The application loads Google Cloud credentials in the following order:

1.  **`GOOGLE_CREDENTIALS_JSON` Environment Variable / Secret:** Checks for the JSON *content* directly in this variable (Required for Hugging Face).
2.  **`credentials/` Directory (Local Only):** Looks for `.json` files in the directory specified by `CREDENTIALS_DIR` (Default: `/app/credentials` inside the container). Rotates through found files. Used if `GOOGLE_CREDENTIALS_JSON` is not set.
3.  **`GOOGLE_APPLICATION_CREDENTIALS` Environment Variable (Local Only):** Checks for a *file path* specified by this variable. Used as a fallback if the above methods fail.

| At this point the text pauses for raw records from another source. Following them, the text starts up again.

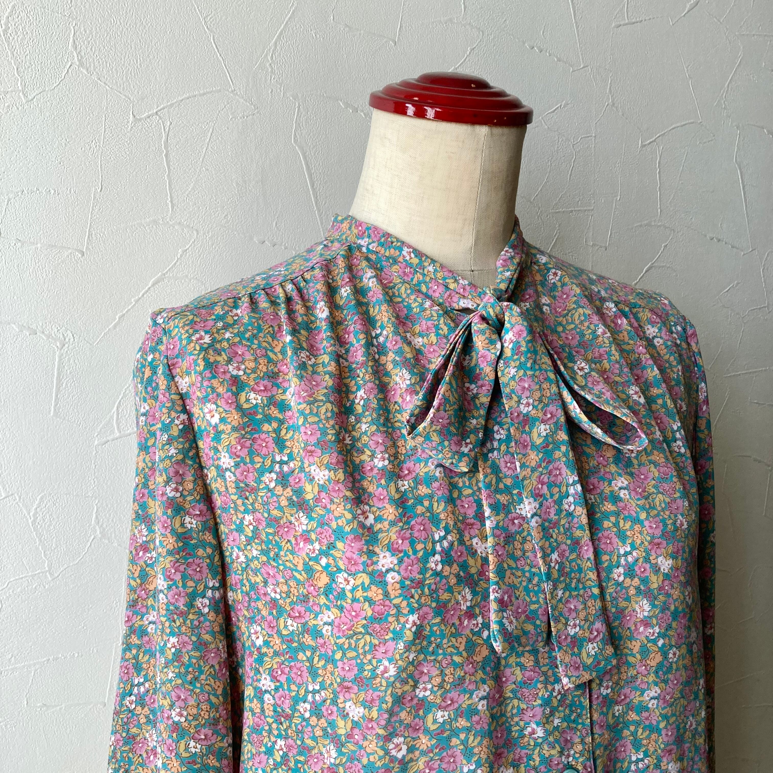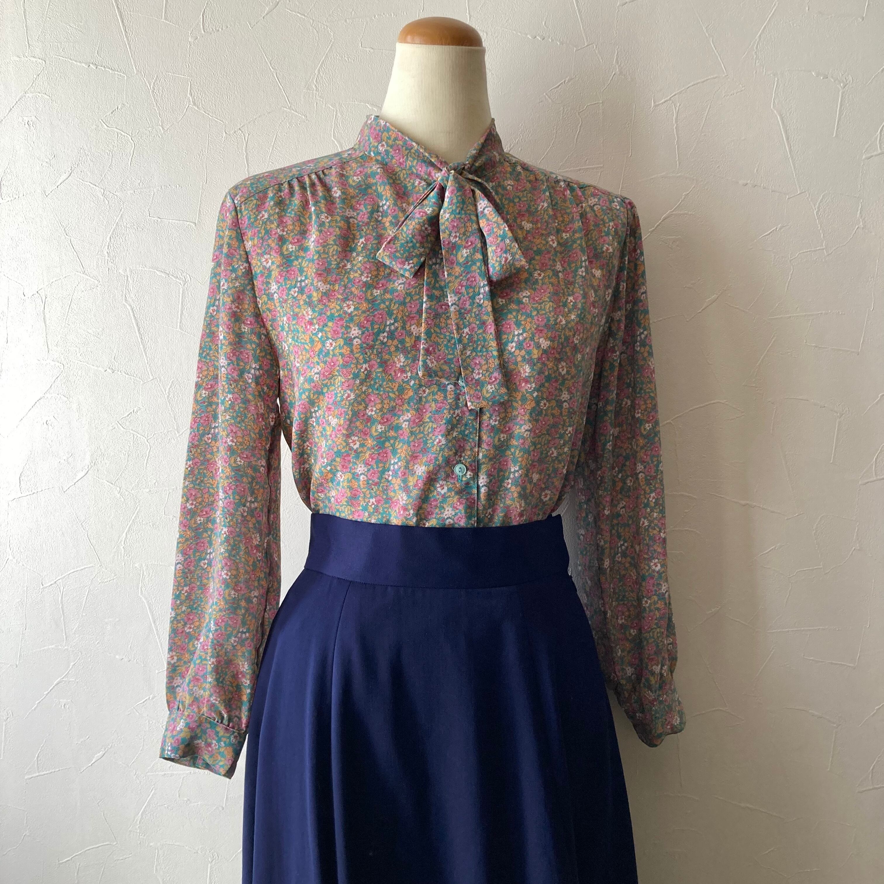 淡い小花柄ボウタイブラウス 昭和レトロ 古着 used vintage
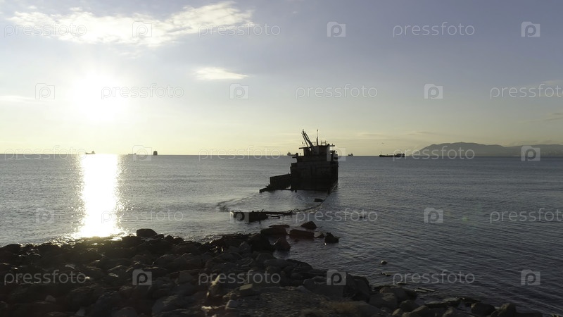 Воздух для кораблекрушения вдоль скалистого побережья против сияющего солнца.Стрельба.Старая затонувшая лодка недалеко от морского берега на фоне большой горы и синего неба
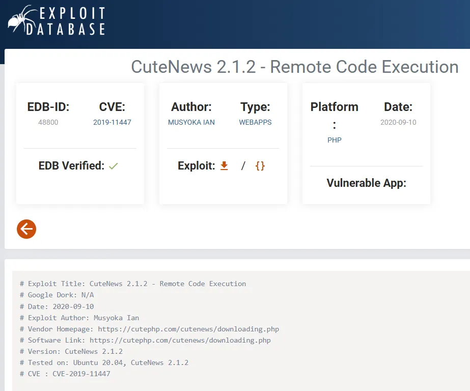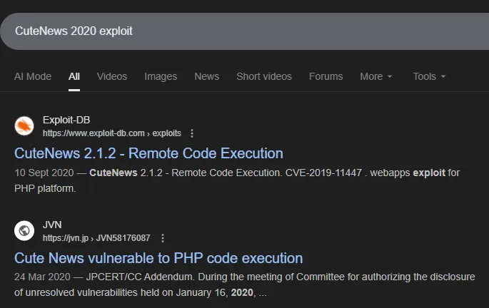 And noticed that the site is powered by CuteNews and the copyright mentions Passage News 2020 so I started checking for exploits:
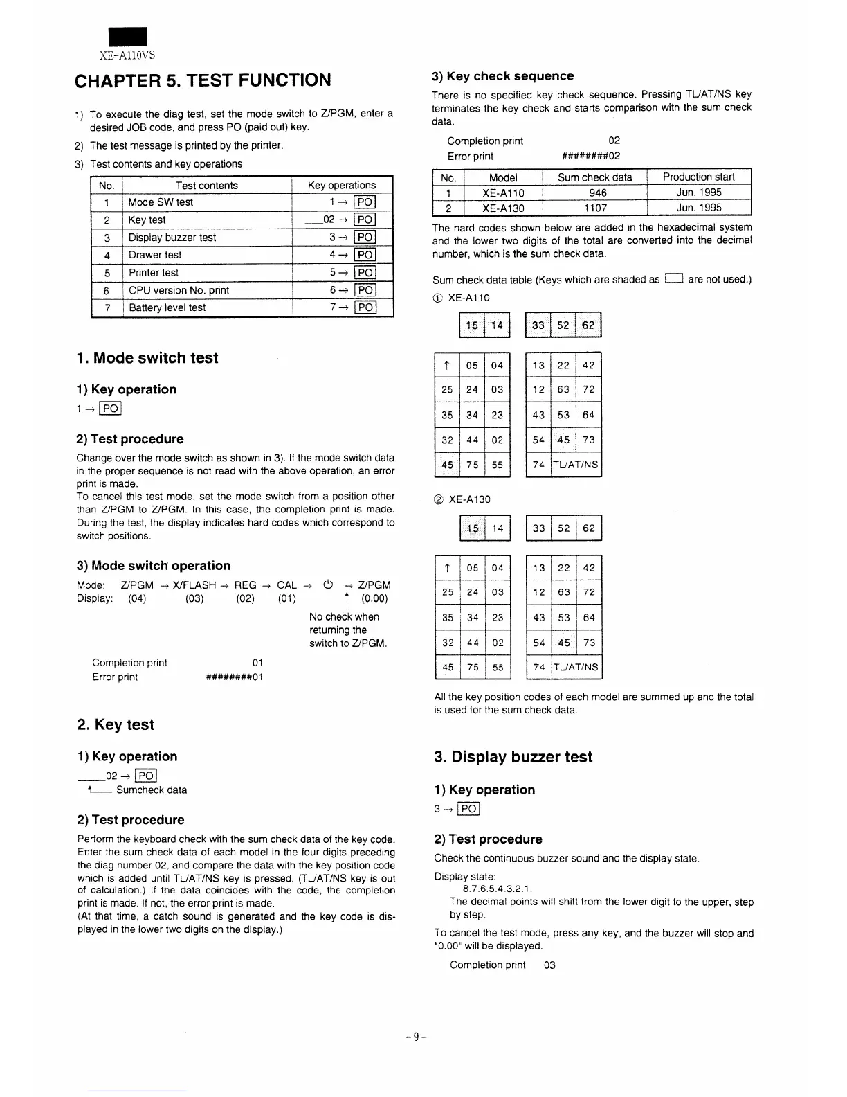 Sum check data table (Keys which are shaded as ~ are not used.)
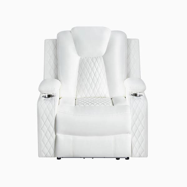 Motion Recliner Chair in Home Theater Style with Adjustable Headrest in White
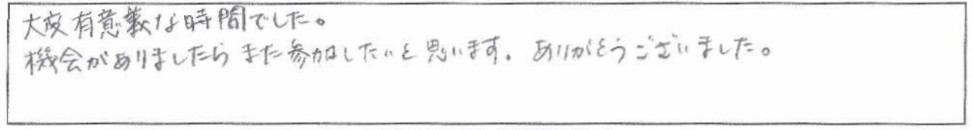 老後資金遺言介護認知症相続60歳からのマネープラン基礎講座(老後資金・終活・相続)大変有意義な時間でした。機会がありましたらまた参加したいと思います。ありがとうございました。
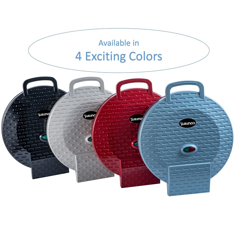 Large Cooking AreaThe 12 diameter cooking area features cooking plates on the top and bottom for even cooking throughout and provides a delicious crispy crust. Non-stick coating on baking plates make it easy to wipe clean after every use and helps eliminate any gooey leftovers.Mmmm, your favorite homemade pizza in no time! Don't go hungry!Have yourself a hot and crispy 12 inch Pizza in under 15 minutes with the CPM-1220 by Courant. Brilliantly designed with nonstick plates and Compact size for easy storage. It's always a good time for Pizza! FRESH OR REHEAT with that crispy crust. Bake Chicken Cutlets, Meat, or any sort of Snacks, Quesadillas, Nachos, Mini Frittatas, Quiche, Croissants, Giant Cookies, or JUST ABOUT ANYTHING! Heats up FAST with its Top & Bottom Hating Plates + Non-stick coated cooking plates for easy clean up. Power-on and Ready-to-Cook indicator lights keep you in the know when the Oven is ready to cook. The Oven is compact to fit about anywhere in the kitchen when is use, and stands upright for easy and compact storage SAFETY FIRST: with the Newly improved Cool-touch Handle, Unit Dimensions: 13x15.63x 3.95 (LxWxH) Power cord length 28. Unit Weight 5.5 lbs ETL Certified, Power: 1440 Watts, 120V, 60Hz.Much more than a Pizza MakerIt's much more than a pizza Maker, it make quesadillas, nachos, mini frittatas, quiche, croissants, giant cookies, hors d'oeuvres Mini Pizzas, S'mores Pie, Cinnamon Buns, Chocolate Chip Cookie, Cheese Nachos, Party Mix, Omelets and much more.Portable and LightweightFavorite companion if you need to be away from home for a while since it's lightweight, easy to store and carry around!Impress your guest and share!How many times you gather with friends and family and the most common solution is to order pizza? Well, now you can enjoy doing it at home! Either you choose to do it from zero or heat a frozen pizza it will taste just as good and right at home.

## Environment Variables / Secrets

-   `API_KEY`: API key for authentication (Default: `123456`). **Required as Secret on Hugging Face.**
-   `GOOGLE_CREDENTIALS_JSON`: **(Required Secret on Hugging Face)** The full JSON content of your service account key. Takes priority over other methods.
-   `CREDENTIALS_DIR` (Local Only): Directory containing credential files (Default: `/app/credentials` in the container). Used if `GOOGLE_CREDENTIALS_JSON` is not set.
-   `GOOGLE_APPLICATION_CREDENTIALS` (Local Only): Path to a *specific* credential file. Used as a fallback if the above methods fail.
-   `PORT`: Not needed for `CMD` config (uses 7860). Hugging Face provides this automatically, `docker-compose.yml` maps 8050 locally.

## Health Check

You can check the status of the service using the health endpoint:

```bash
curl YOUR_ADAPTER_URL/health -H "Authorization: Bearer YOUR_API_KEY"
```

This returns information about the credential status:

```json
{
  "status": "ok",
  "credentials": {
    "available": 1, // Example: 1 if loaded via JSON secret, or count if loaded from files
    "files": [], // Lists files only if using CREDENTIALS_DIR method
    "current_index": 0
  }
}
```

## License

This project is licensed under the MIT License.